- SUPPLIED INFORMATION:
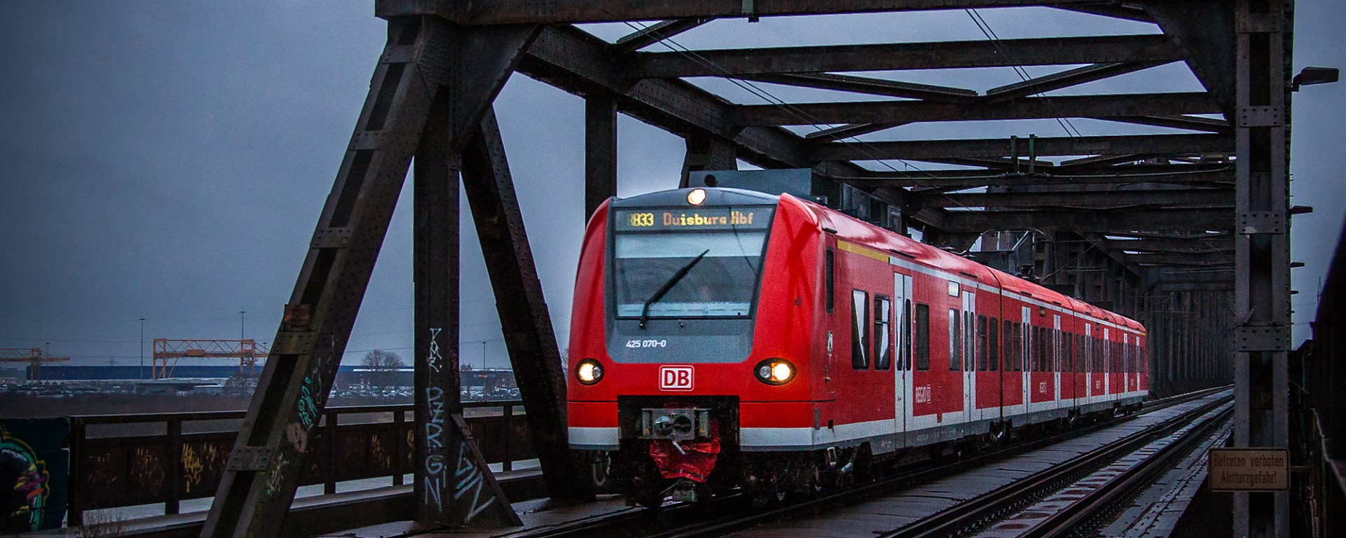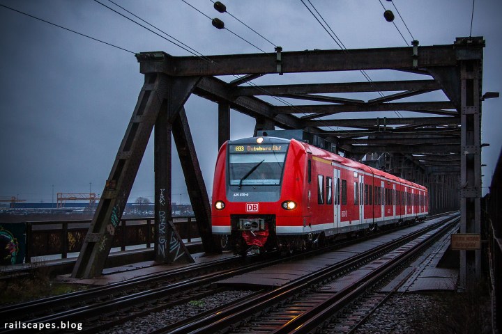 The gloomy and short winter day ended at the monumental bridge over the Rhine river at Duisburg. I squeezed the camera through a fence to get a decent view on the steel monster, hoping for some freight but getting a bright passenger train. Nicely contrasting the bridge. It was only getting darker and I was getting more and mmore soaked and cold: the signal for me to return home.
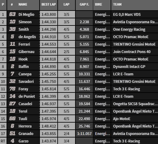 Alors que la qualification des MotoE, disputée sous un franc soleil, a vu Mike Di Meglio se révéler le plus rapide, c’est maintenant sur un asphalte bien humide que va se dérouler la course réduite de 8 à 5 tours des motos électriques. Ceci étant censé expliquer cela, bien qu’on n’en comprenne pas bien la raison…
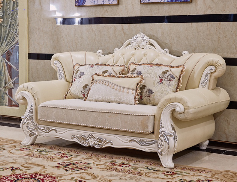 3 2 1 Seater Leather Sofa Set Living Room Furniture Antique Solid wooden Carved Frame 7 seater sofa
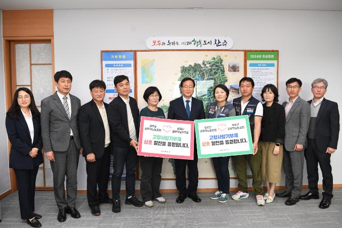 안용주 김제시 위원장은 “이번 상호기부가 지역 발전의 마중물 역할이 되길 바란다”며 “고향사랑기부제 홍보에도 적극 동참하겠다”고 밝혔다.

---

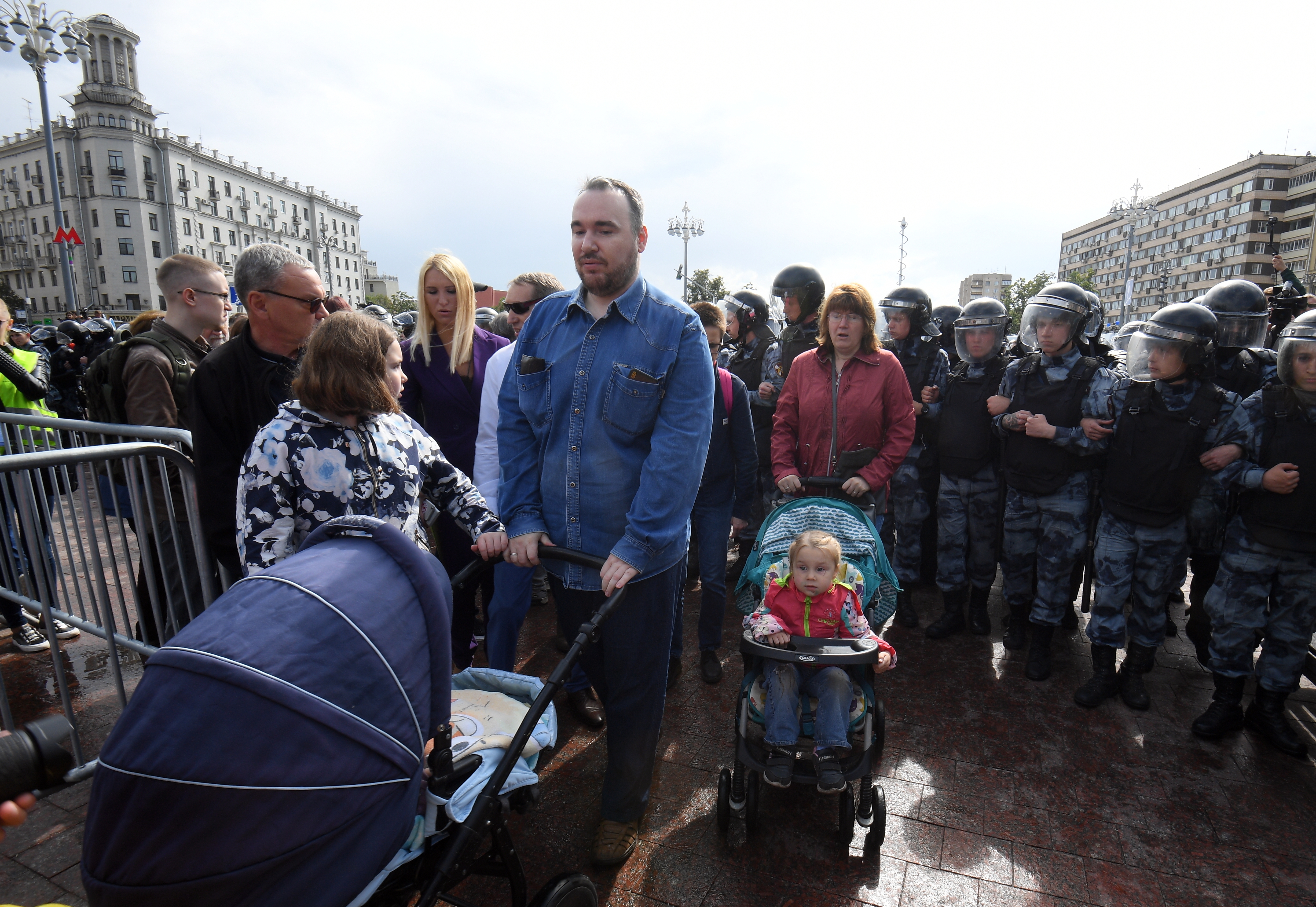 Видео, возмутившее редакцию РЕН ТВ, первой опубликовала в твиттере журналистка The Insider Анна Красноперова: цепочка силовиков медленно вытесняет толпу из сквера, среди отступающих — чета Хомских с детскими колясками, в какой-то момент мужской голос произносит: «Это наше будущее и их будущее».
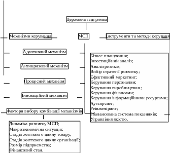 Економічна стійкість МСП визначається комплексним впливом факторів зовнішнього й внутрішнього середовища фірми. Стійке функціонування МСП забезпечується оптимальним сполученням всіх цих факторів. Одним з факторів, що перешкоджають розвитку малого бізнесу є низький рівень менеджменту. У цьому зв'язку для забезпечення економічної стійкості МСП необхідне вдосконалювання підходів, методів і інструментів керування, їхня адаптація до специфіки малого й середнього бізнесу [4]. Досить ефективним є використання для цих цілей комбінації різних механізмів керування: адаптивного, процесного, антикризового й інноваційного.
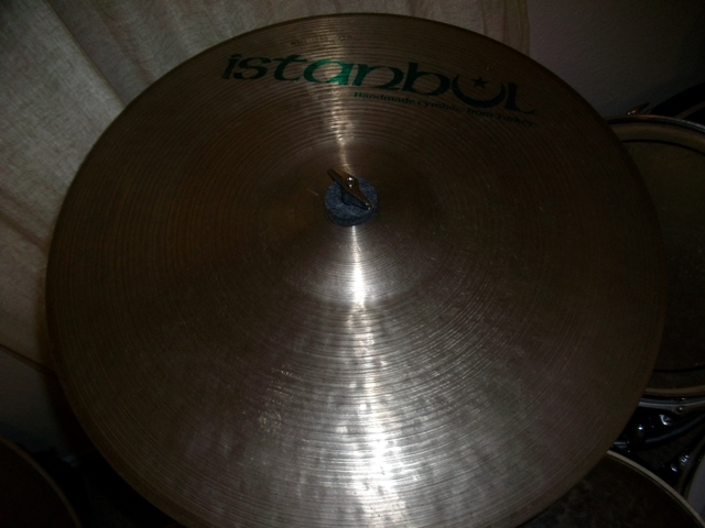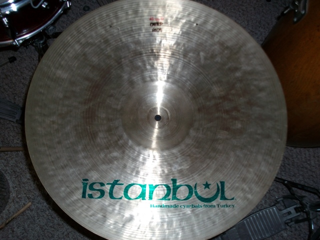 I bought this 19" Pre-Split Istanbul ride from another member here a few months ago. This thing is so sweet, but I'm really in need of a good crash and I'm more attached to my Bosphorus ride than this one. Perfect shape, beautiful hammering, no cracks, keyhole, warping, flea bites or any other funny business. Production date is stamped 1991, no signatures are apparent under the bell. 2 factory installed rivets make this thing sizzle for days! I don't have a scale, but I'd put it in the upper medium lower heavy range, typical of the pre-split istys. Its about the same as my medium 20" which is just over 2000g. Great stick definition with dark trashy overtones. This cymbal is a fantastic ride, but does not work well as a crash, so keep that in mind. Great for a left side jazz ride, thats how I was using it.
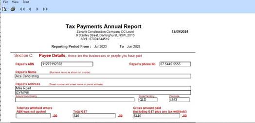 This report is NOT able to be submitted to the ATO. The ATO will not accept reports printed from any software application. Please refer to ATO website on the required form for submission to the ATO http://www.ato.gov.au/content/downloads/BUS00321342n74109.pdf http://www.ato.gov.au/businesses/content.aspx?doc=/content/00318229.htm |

- TASK ITEM:
When you reach the line with "3 2 1 Seater" in the records above, start writing out each line exactly, and stop after the line with "안용주 김제시 위원장은". Pictures stay out.

- REPLY:
 3 2 1 Seater Leather Sofa Set Living Room Furniture Antique Solid wooden Carved Frame 7 seater sofa
 안용주 김제시 위원장은 “이번 상호기부가 지역 발전의 마중물 역할이 되길 바란다”며 “고향사랑기부제 홍보에도 적극 동참하겠다”고 밝혔다.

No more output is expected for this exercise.